Federal Minister of Energy Hammad Azhar later told a news conference that the landmark $10 billion investment "will represent the single largest investment" in Pakistan.
Khan said in a tweet the Reko Diq project "will potentially be the largest gold & copper mine in the world." "It will liberate us from crippling debt & usher in a new era of development & prosperity," he said.
Barrick said in a press release the deal would now grant the company a mining lease, exploration license and surface rights. It noted that the project "hosts one of the world's largest undeveloped open pit copper-gold porphyry deposits."
"This is a unique opportunity for substantial foreign investment in the Balochistan
province and will bring enormous direct and indirect benefits not only to this region but also to Pakistan for decades to come," said Mark Bristow, the president and chief executive officer of the Toronto-based company, who led his delegation at Sunday's signing ceremony in the Pakistani capital. He added that Reko Diq could be in production within five to six years.
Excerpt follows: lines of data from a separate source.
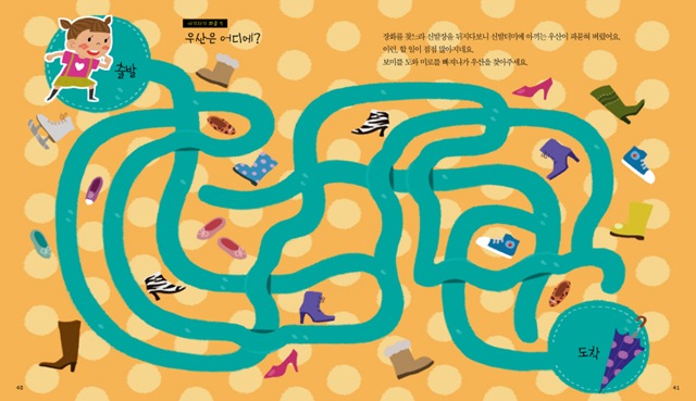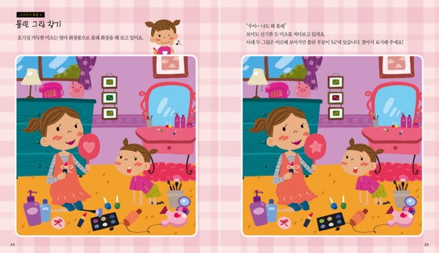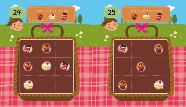 제 목: 매일매일 두뇌 트레이닝 <아기자기 스티커 스도쿠> 1권 저 자: 손호성 그 림: 김혜라 면 수: 96 판 형: 182*210 출판사: 아르고나인 발행일: 2011년 1월 15일 정 가: 8,800원 ISBN : 978-89-93497-61-8 13740 1. 책 소개 아기자기 귀여운 스티커로 두뇌 개발하기! <아기자기 스티커 스도쿠>는 예쁜 스티커를 붙이면서 푸는 퍼즐북입니다. 수학자 레온하르트 오일러의 매직 스퀘어를 응용해 만들어진 퍼즐은 어린이들의 수학적, 논리적 사고를 키워줍니다. 또한 미로, 틀린 그림찾기 및 논리 퍼즐도 함께 수록되어 아이들이 싫증내지 않고 퍼즐을 풀어갈 수 있도록 구성되었습니다. 퍼즐들은 모두 주의 깊게 살펴보기만 하면 힌트를 발견하며 풀어나갈 수 있어 성취감을 얻을 수 있습니다. 퍼즐은 구두, 화장품, 쿠키 등 예쁜 이미지를 사용해 만들어져 아이들의 흥미를 불러일으킵니다. 숫자 대신 그림을 넣어 푸는 퍼즐은 아이들의 두뇌를 다양한 방식으로 자극합니다. <엄마의 화장대를 정리해요>, <내 장화 어디 갔어?>, <화창한 하늘, 달콤한 피크닉>, <산타 할아버지를 기다리며> 등 네 가지 챕터로 구성되어 각각 화장품, 신발, 간식, 크리스마스 테마에 맞는 이미지들로 풀 수 있습니다. 스티커와 색칠하기 부록 포함 책에는 퍼즐을 푸는데 사용하는 스티커 180개와 스티커에 나온 그림들을 직접 채색해 볼 수 있는 색칠하기 코너가 있습니다. 퍼즐에 사용되는 스티커라는 특징을 고려해 붙였다 떼어낼 수 있는 소재로 제작되어 어느 정도 반복 사용이 가능합니다. 퍼즐을 풀고 난 뒤의 여분 스티커는 필통이나 책상 등에 붙여 예쁘게 꾸미기에 사용해도 좋습니다. 스티커 스도쿠 풀이법 1. 책 뒷면에 있는 스티커 페이지를 뜯어냅니다. 뜯기선을 따라 뜯으면 깨끗하게 떨어집니다. 2. 문제를 보고 빈 칸에 들어갈 그림을 찾아 붙입니다. 아무 그림이나 마구 붙이지 않고 신중히 생각해 붙이는 겉이 좋습니다. 3. 깔끔하게 붙이면 완성! 여분 스티커는 공책이나 필통에 붙여 예쁘게 꾸미기에 사용해도 좋습니다. 2. 본문 보기
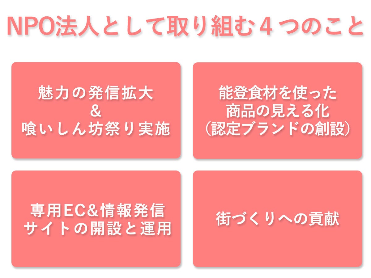 「能登食材××%以上使用」などの独自の基準を設定し、チーム能登喰いしん坊認定マークで能登にこだわった商品の見える化を推進していきたいと考えています。能登の商材を使った商品であると一目で分かることで、能登食材や製品のPRにより、売上の拡大や能登食材を使った積極的な商品開発の促進に繋げたいと考えております。
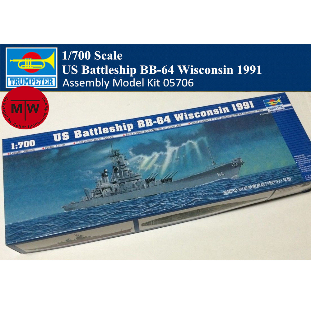 1 x 1/700 Scale US Battleship BB-64 Wisconsin 1991 Model Kit 05706(need assemble,with instructions)

Antofagasta announced separately that it had agreed to exit the project as its growth strategy was now focused on the production of copper and by-products in the Americas.
Barrick and Antofagasta jointly discovered the vast Reko Diq mineral deposits more than a decade ago at the foot of an extinct volcano in Balochistan, saying they had invested $220 million.
The largest, natural resources-rich Pakistani province sits at the country's borders with Iran and Afghanistan.